I'll bet this is the first Noirish submission ever posted from Yangon, Myanmar! I've been an Asia travel freak for most of my life and come here at least once a year. On this trip my wife and I have done a little adventuring in Mon State in Southern Myanmar.

Normally L.A. architecture is the furthest thing from my mind on a trip like this but south of here, in city of Bago, I came across a magazine article that tied in with a little exploration I did in the Hollywood Hills last month. So I thought I'd break tradition and post from here.

I had long been curious to see the so called Chemosphere House at 7776 Torreyson Drive; off Mulholland just east of Laurel Canyon. It's been featured in lots of TV shows and films, but I remember it best from Brian De Palma's Body Double.

A few Sundays ago I rode my bike up to Torreyson Drive to have a look. Views of the house are largely blocked by trees, but below are are a couple of shots.

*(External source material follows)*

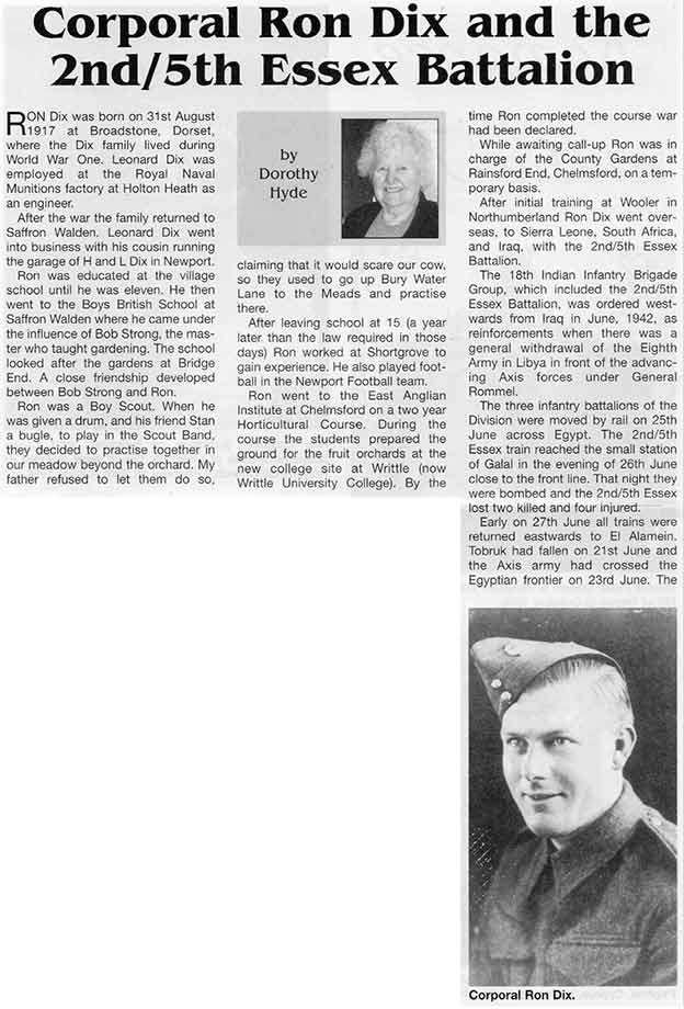 Corporal Ron Dix and the 2nd/5th Essex Battation

I was surprised by the small "pod" house on the lot, and wondered what the story was. My hotel in Bago had a January 2012 Vanity Fair that was lying around, and in it I was surprised to see a beautiful photo of this structure, which apparently is called a Futuro.


http://www.vanityfair.com/100-years-of-vanity-fair


The text states:

Designed by Finnish architect Matti Suuronen, the 500-square-foot Futuro House was introduced in 1968. These ovoids were intended for quick placement (some were simply transported via helicopter) as ski cabins of vacation saucers. A circular fireplace sat in the center of the living lounge. A small bathroom, bedroom, and kitchenette completed the futuristic floor plan. About a hundred were made; only 18 are known to survive in the U.S> today. This one, owned by Mark Hadday, designer and co-owner of Resurrection, the resale-fashion showroom, was purchased in 2009 at auction for $50,000. Haddawy has placed his restored fiberglass Futuro House precariously on a Hollywood hillside just above his own, John Lautner-designed masterpiece of a home, the 1956 Harpel House.

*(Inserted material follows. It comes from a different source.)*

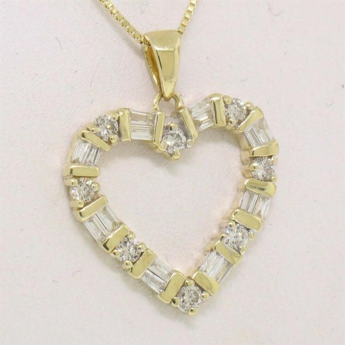 One 14K Yellow Gold 0.70ctw Round & Baguette Cut Diamond Open Heart Pendant Necklace. Item Details: Material: 14K Solid Yellow Gold, Weight: 3.20 Grams , Stone: (8) Natural Genuine Diamonds - Round Brilliant Cut - G Color - SI1 Clarity - 0.20ctw (approx.), (16) Natural Genuine Diamonds - Baguette Cut - G Color - SI1 Clarity - 0.50ctw (approx.), Dimensions: 16.94x16.41mm, Chain: 17.5" - 14K Solid Yellow Gold 1.0mm Box Link Chain, Condition: Like New,

Here's more on the Chemosphere House from a Wikipedia article (which cites a different owner of the property):

The Chemosphere, designed by American architect John Lautner in 1960, is an innovative Modernist octagon house in Los Angeles, California. The building, which the Encyclopædia Britannica once called "the most modern home built in the world", is admired both for the ingenuity of its solution to the problem of the site and for its unique design.

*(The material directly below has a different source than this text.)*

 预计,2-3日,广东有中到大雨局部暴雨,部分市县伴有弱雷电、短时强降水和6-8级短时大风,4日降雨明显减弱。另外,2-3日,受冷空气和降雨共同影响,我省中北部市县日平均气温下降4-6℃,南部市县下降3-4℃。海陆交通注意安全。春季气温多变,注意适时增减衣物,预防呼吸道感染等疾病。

The building stands on the San Fernando Valley side of the Hollywood Hills, just off of Mulholland Drive. It is a one story octagon with around 2200 square feet of living space. Most distinctively, the house is perched atop a 5-foot-wide concrete pole nearly thirty feet high. This innovative design was Lautner's solution to a site that, with a slope of 45 degrees, was thought to be practically unbuildable. Because of a concrete pedestal, almost 20 feet in diameter, buried under the earth and supporting the post, the house has survived earthquakes and heavy rains. The house is reached by a funicular. Chemosphere is bisected by a central, exposed brick wall with a fireplace, abutted by subdued seating, in the middle.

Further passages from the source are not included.